» **ACTIVITY**
Locate the line that contains "Smoking Tattooed Female" in the data that follows. Copy it and every subsequent line to the end, exactly, excluding pictures.

(MATERIALS PROVIDED)

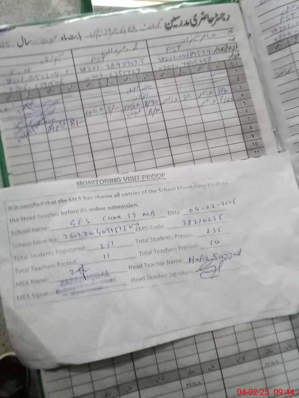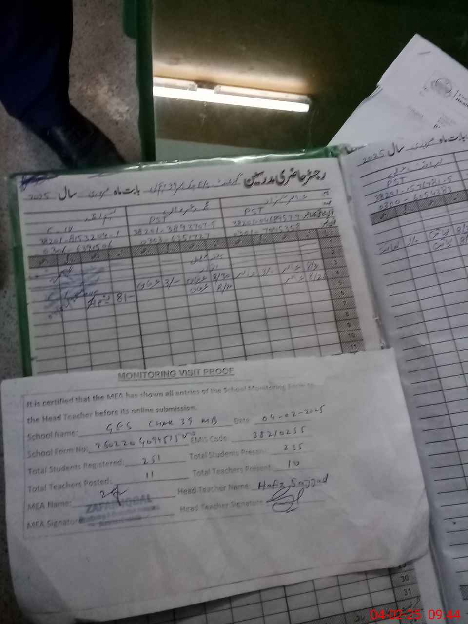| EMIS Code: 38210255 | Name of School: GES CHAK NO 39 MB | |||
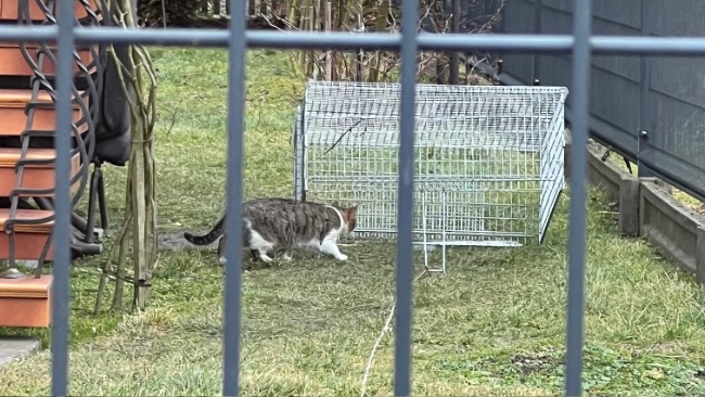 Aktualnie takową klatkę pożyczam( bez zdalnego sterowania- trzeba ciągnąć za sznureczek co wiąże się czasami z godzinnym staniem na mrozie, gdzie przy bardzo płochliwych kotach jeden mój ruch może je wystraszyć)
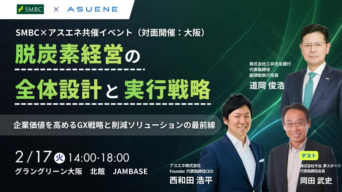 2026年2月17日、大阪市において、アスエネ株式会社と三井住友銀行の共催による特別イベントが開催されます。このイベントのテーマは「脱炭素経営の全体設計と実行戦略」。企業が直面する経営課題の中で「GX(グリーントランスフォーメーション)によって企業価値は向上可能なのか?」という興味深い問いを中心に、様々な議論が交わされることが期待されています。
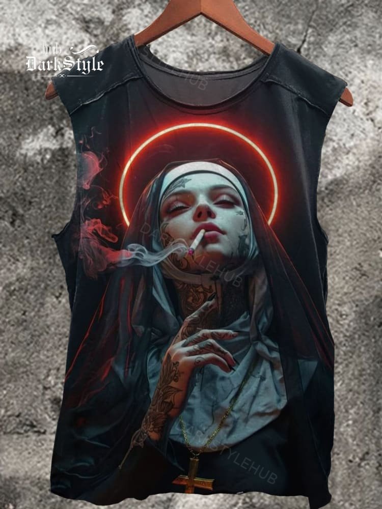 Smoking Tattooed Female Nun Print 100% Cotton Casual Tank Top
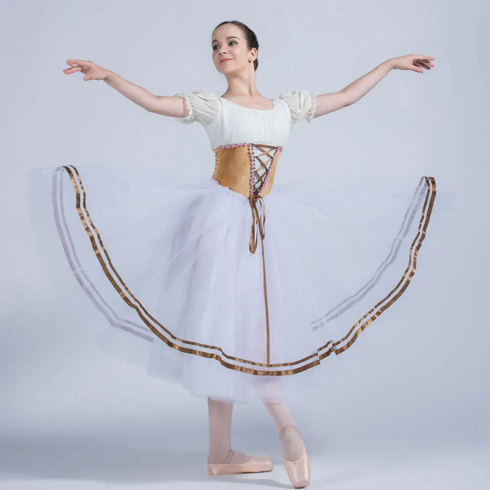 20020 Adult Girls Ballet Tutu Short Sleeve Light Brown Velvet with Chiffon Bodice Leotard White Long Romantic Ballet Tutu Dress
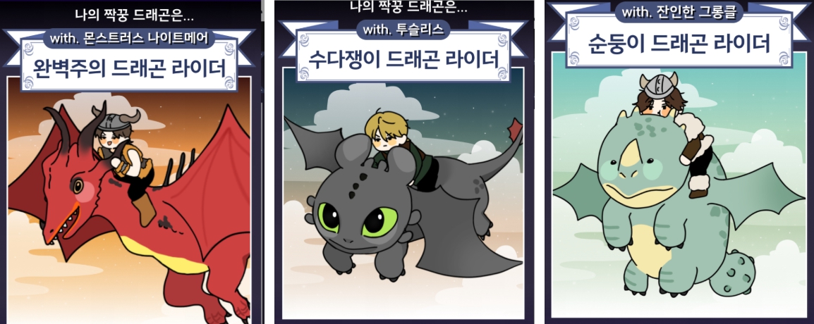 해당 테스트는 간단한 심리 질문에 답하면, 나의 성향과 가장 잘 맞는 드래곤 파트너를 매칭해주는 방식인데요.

(End MATERIALS PROVIDED)

» **ANSWER BOX**
 Smoking Tattooed Female Nun Print 100% Cotton Casual Tank Top
 20020 Adult Girls Ballet Tutu Short Sleeve Light Brown Velvet with Chiffon Bodice Leotard White Long Romantic Ballet Tutu Dress
 해당 테스트는 간단한 심리 질문에 답하면, 나의 성향과 가장 잘 맞는 드래곤 파트너를 매칭해주는 방식인데요.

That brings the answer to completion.